Data from the health department shows that in past years, the spring surge of airborne pollen has coincided with a spike in ER visits. On average, New Yorkers make 260 asthma-related ER trips each May, when pollen is at its peak, compared to 218 in April and just over 180 per month in midsummer.
Our current warm, breezy and unusually dry spring weather isn’t helping, either: A light rainstorm would help cut down on airborne pollen, giving allergy sufferers at least a temporary reprieve. (That said, storms come with their own allergens, namely mold and sometimes even clouds of extra-triggering allergen particles.)
Hospital visits for asthma actually plummeted during the 2020 allergy season with the onset of the COVID-19 pandemic, likely due to fear of contracting the virus at emergency rooms. But these incidents rebounded in 2021 and 2022. It’s not yet clear when or how intense this year’s pollen and hospitalization surge will be, but city health officials predict that “pollen impacts in 2023 are likely to reflect the increasing trend in asthma ED [emergency department] visits since 2020.”
Lewis Ziska, an associate professor of environmental health sciences at Columbia University’s Mailman School of Public Health, is intimately familiar with “all the nasty, bad, sneezy, drippy things that happen when there’s too much pollen in the air” — including asthma attacks that sent him to the emergency room.
“I have my pocket protector — my albuterol inhaler — with me at all times,” he said.
Ziska explained that climate change is lengthening the spring allergy season and beefing up pollen production due to mild winters, early springs and delayed first frosts. Changes in weather patterns will also make surges in airborne pollen more sudden and intense.
“You go from sniffing and sneezing to, ‘I can’t breathe and I need to go to the ER,’” he said.
So, what’s an urban allergy sufferer to do? Anna Stern, a lifelong New Yorker with severe tree pollen allergies, runs her air purifiers constantly, avoids tree-lined parks and shuns eye makeup during allergy season.
“I gave up on wearing mascara because what’s the point?” she said. “You mean when my eyes are running down my face? Nah.”
Stern and other advocates are urging the city to be more choosy in its species selection when planting new trees — favoring fruiting specimens over those that shed large quantities of lightweight, allergenic pollen that’s carried far by the wind.

But the city’s parks department has to balance pollen production with other concerns when choosing which trees to plant. Pests and diseases have shortened the list of trees that can realistically thrive in our local ecosystem. And seed-bearing trees can be messy and stinky, so the city has traditionally favored lower-maintenance fruitless species, said Finley from the New York Botanical Garden.
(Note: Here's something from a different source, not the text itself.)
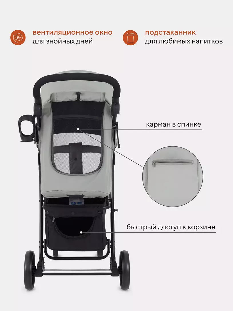 | Особенности | съемный бампер, ремни безопасности, горизонтальное положение спинки, регулировка высоты подножки, мягкие накладки на ремни, смотровое окно |
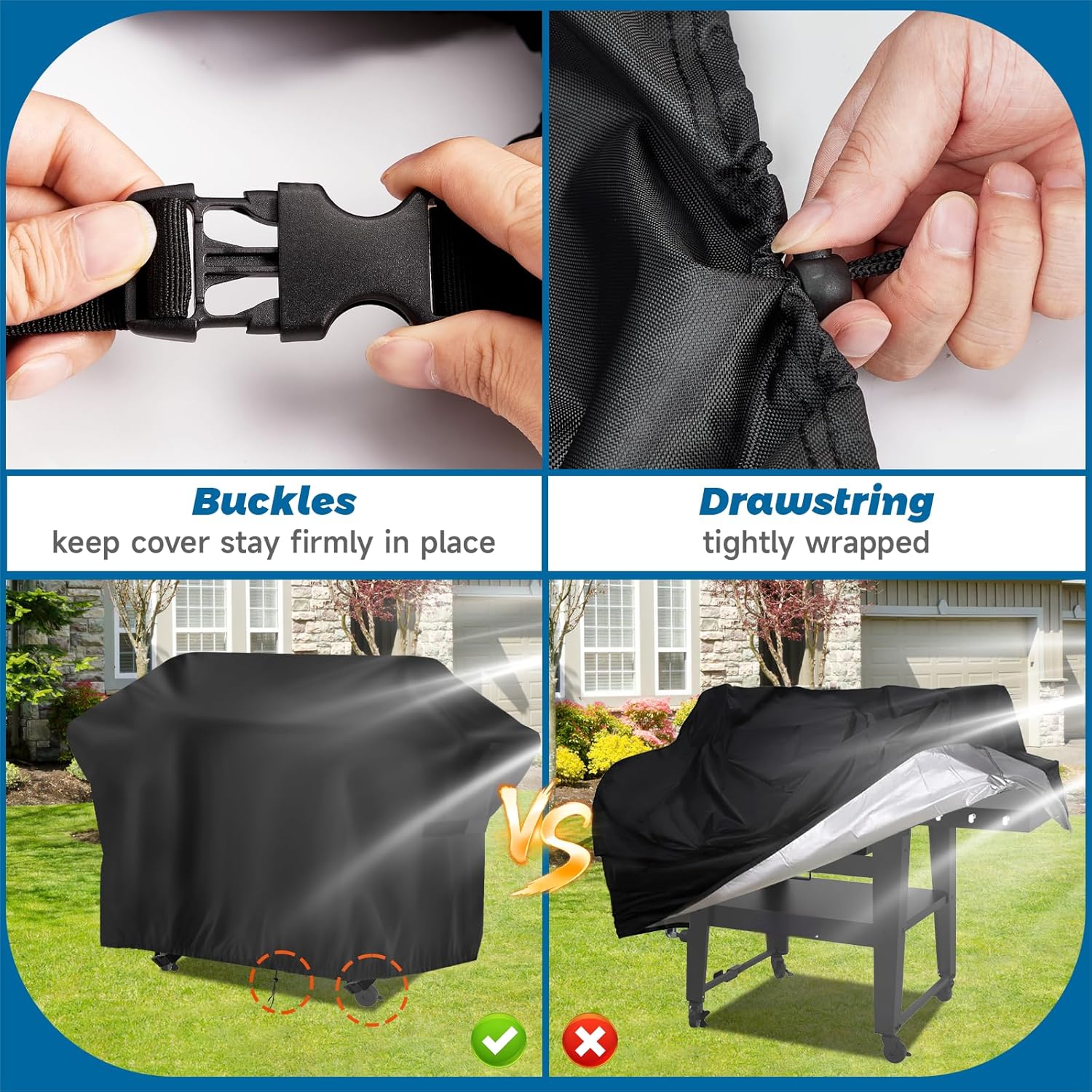- Wind Design:Featuring Velcro closure straps on both sides and a bottom drawstring, this daytona 68in griddle cover securely fastens.Four corner buckles keep cover stays firmly in place even during strong winds.

“We want to reduce pollen levels,” she said. “The problem is that people are less concerned with pollen and more concerned with fruit dropping everywhere and smearing across their driveway.”
In the meantime, city health officials are urging allergy sufferers to start their go-to allergy medications before the pollen peak. For school-age kids, that means sending in a doctor-signed asthma medication administration form, which allows school nurses to administer meds during the school day. Doctors should also prescribe inhalers to asthmatic patients and prepare asthma management plans, which include guidance on when to take medicine and when to go to the ER.
Thankfully, the spring season isn’t all sniffles and inhaler puffs. There are also riotous blooms of cherry blossoms to enjoy. According to the Brooklyn Botanic Garden’s “Cherrywatch” tracker, many of the cherry blossom trees in the Brooklyn institution’s Japanese Hill-and-Pond Garden are at or near peak loveliness. Other Japanese cherry blossom tree species, which line the botanic garden’s aptly named Cherry Esplanade, haven’t yet shown their true colors.
Finley notes that cherry trees aren’t much of an allergy concern — they’re pollinated by insects rather than by wind, so their heavy, sticky pollen grains typically don’t travel far enough to reach our suffering nostrils.